Eigg · 24/04/2015 00:46

Like lots of Scots I had an Aunt Jean.

She was an amazing woman. Absolutely kicked ass.

Try raising your eyebrow while saying silent when someone says anything rude about your fabulous daughter's name. They soon start to blush and back pedal.

stormy - Agatha is an inspired choice. Brilliant name.

ivory It doesn't count as 'honesty' if the OP hasn't asked their opinion, it's just ill-mannered an really unnecessary. In a million years you'd never tell another adult you didn't like their name on meeting them.

mathanxiety · 24/04/2015 00:51

In the case of a name, it's too late to change it, and why do you think the parents want to hear your opinion of it anyway, IvoryMadonna?

If they run up to you and ask 'What do you think of the name we chose for our baby?' that is one thing, but to hear the baby's name (maybe after asking the parents what the baby is called) and then to pronounce a negative judgement upon it seems a bit uncalled for, imo.

You can always assume parents have spent time carefully choosing the name, and in some cases the name will have some personal connection that is significant in their lives. All you can expect to do is wound with your opinion, no matter how tactful you try to be.

IvoryMadonna · 24/04/2015 01:51

I was talking generally, not just about names. If I paint my living room walls orange, I shan't mind if a visitor tells me that they don't like bright colours and would always go for magnolia themselves.

I did mind when somebody once told me that ceilings had to be painted white. (I had painted it the same colour as the walls. It's the way you say it.

Canyouforgiveher · 24/04/2015 02:09

I can't even get my head around several people of your acquaintance making nasty comments about the name Jeane (no matter how it is spelled) as it is a normal, usual, traditional, often used name. These must be very strange people.

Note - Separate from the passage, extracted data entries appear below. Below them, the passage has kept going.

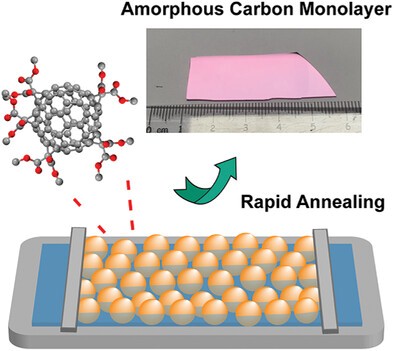 通过常压下可控热解富勒烯可以获得介于富勒烯型碳和石墨烯型碳之间的新型碳材料(Nature,2022, 606, 507)。经过断裂交联过程,富勒烯笼之间形成了纳米孔结构。但受限于制备方式,所剥离的单层膜一般为微米尺寸,较难进行膜性质研究。
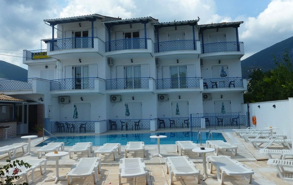 Opis: Objekat poseduje bazen I ležaljke oko bazena. U našoj ponudi su trokrevetni I četvorokrevetni apartmani, smešteni u prizemlju, na prvom I drugom spratu I svi imaju pogled na bazen, a svaki od njih poseduje kompletno opremljeni kuhinjski deo, kupatilo/wc, terasu, WiFi, klima uređaj (uz doplatu na licu mesta od 5e dnevno).
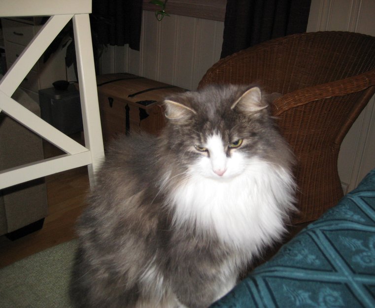 Tinka kom plutselig hjem igjen i natt, etter å ha vært borte i 7 uker. Har tydeligvis oppholdt seg i skogen. Har gått ned halvparten av vekta og veide kun 2 kg da hun kom hjem. Bortsett fra å være tynn, sulten og dehydrert er hun i fin form, ellers ingen skader. Har sjekket henne hos veterinær og har fått ormkur og vaksine. Vi er veldig glad for å ha fått henne tilbake :-)
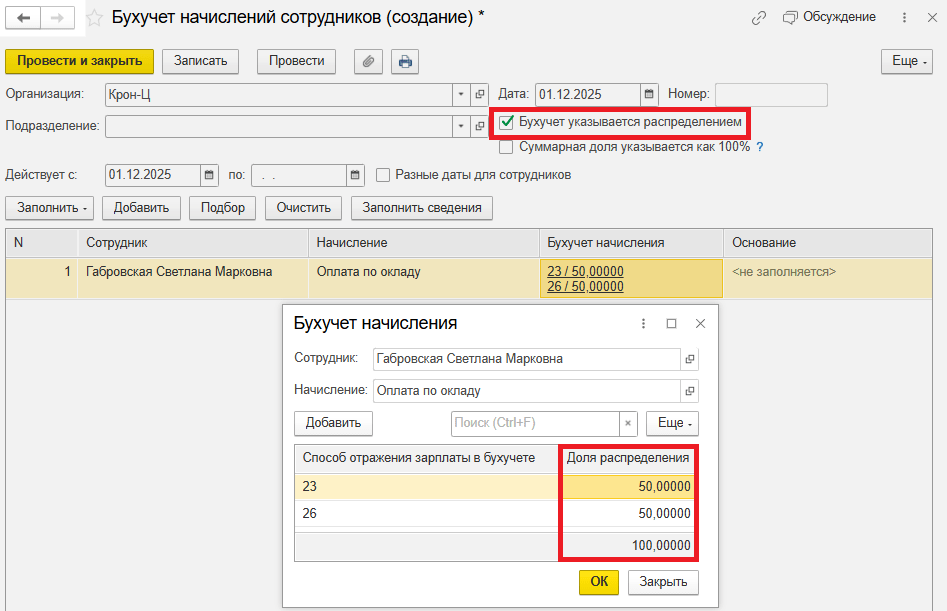 При установленном флаге Суммарная доля указывается как 100% суммарная доля распределения по сотруднику должна равняться 100.
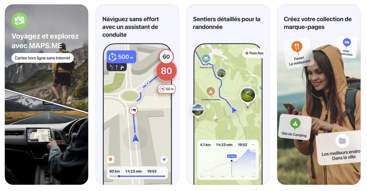 Maps.me est une application qui permet d’accéder à une carte du monde et de pouvoir l’utiliser sans connexion à Internet. En pratique, il vous suffit de télécharger la carte de la zone où vous voyagez en amont, pour pouvoir ensuite naviguer en mode hors connexion. Maps.me indique les restaurants, les points d’intérêt et sites touristiques, les chemins de randonnée, les hôtels, etc. Bien sûr, il est possible de l’utiliser en tant que GPS lorsque vous êtes en voiture, en vélo, à pied, ou encore en transport en commun, et vous pouvez également enregistrer des lieux pour vous y rendre plus tard.
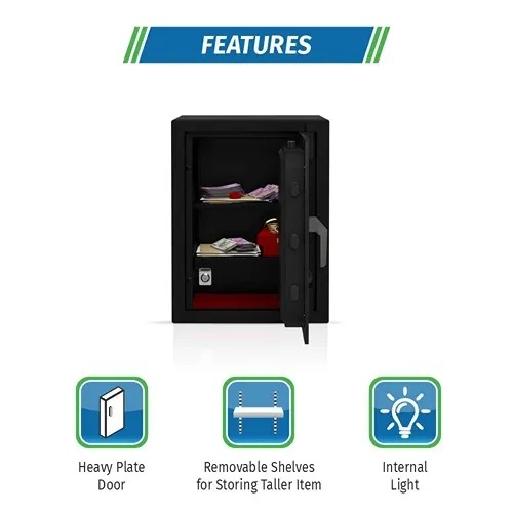 | Features | Twin Solid Steel Shooting Bolts, Heavy Plate Door, Two keys to open One Lock, Internal Shelf, Stylized and convenient new handle |
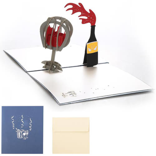 כרטיס ברכה יוקרתי נפתח עם בקבוק יין וגביע עומדים גודל הכרטיס: 13×15 ס”מ
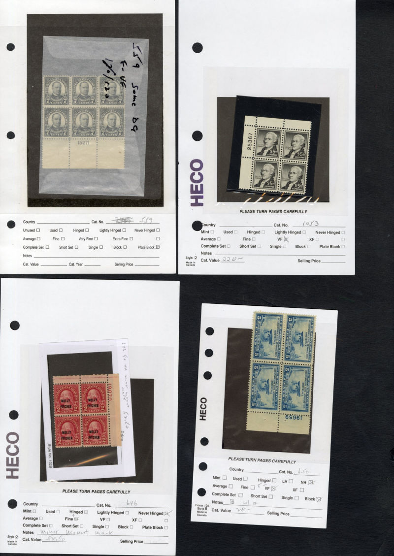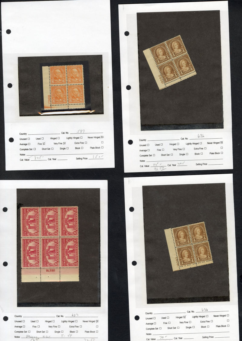 1329 nh, bl   imageLARGE LOTS AND COLLECTIONS UNITED STATES - Plate No. Blocks 1920s-40s duplicated selection of 100+, with 2c reds, Regular Issues, Flat Plate and Rotary printings, National Parks, Washington Bicentennial, $5 Coolidge, $5 Hamilton, some Famous Americans, etc., mostly n.h., fine-v.f., ex-Mary Farber ("Zillions of Stamps") (Image) (Image 2) (Image 3) (Image 4) (Image 5) (Image 6) (Image 7) (Image 8) (Image 9) (Image 10) (All Images)

As for the person who said you are ruining your daughter's life -- I think that person must have some fairly serious issues, unrelated to your daughter.

What's next - people fainting at the name Mary?

Coyoacan · 24/04/2015 04:21

I am shocked that people felt free to comment on the name of your baby. One of my absolutely favourite friends choose names I didn't like for all her children, but she didn't ask me for my opinion and I didn't give it. Her children have grown up to be such lovely people that I have changed my opinion about their names.

I gave my dd a very exotic name combined with a very common name. People would make comments about the exotic name and would just say well if you want you can call her by the common name. They never did.